Given material:

- Opening Delimiter -

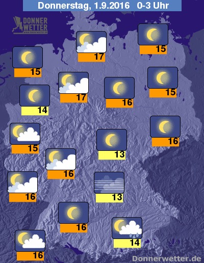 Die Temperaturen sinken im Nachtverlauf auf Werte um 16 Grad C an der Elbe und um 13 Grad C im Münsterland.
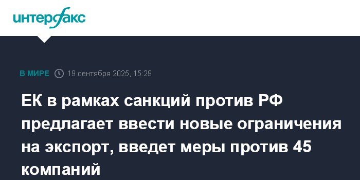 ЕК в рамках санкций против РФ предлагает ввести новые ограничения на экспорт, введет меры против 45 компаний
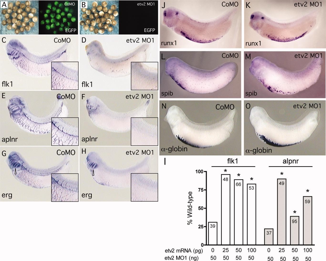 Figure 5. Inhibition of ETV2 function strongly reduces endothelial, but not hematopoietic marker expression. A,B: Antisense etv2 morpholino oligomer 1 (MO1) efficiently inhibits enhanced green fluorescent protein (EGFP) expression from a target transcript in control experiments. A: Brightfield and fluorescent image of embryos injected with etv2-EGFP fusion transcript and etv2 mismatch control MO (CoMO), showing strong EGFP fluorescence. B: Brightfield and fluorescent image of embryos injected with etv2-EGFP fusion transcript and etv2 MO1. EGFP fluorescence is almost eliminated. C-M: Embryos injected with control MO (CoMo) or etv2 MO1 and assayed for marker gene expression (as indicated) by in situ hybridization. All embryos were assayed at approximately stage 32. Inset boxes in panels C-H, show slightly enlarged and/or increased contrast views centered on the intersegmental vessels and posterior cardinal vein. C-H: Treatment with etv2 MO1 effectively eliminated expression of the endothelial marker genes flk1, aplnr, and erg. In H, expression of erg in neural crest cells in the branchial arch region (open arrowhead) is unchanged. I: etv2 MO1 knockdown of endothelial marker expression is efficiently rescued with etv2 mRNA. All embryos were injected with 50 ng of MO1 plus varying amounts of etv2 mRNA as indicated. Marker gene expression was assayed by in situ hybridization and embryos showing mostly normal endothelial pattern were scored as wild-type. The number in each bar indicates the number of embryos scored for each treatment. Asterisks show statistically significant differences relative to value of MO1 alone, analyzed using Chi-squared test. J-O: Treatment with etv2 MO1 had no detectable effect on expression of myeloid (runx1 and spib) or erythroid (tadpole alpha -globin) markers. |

- Closing Delimiter -

Problem to work on: The expected output is the exact run of lines from the first line of the material above through the line that contains "ЕК в рамках", minus any pictures.

Answer to this problem:
 Die Temperaturen sinken im Nachtverlauf auf Werte um 16 Grad C an der Elbe und um 13 Grad C im Münsterland.
 ЕК в рамках санкций против РФ предлагает ввести новые ограничения на экспорт, введет меры против 45 компаний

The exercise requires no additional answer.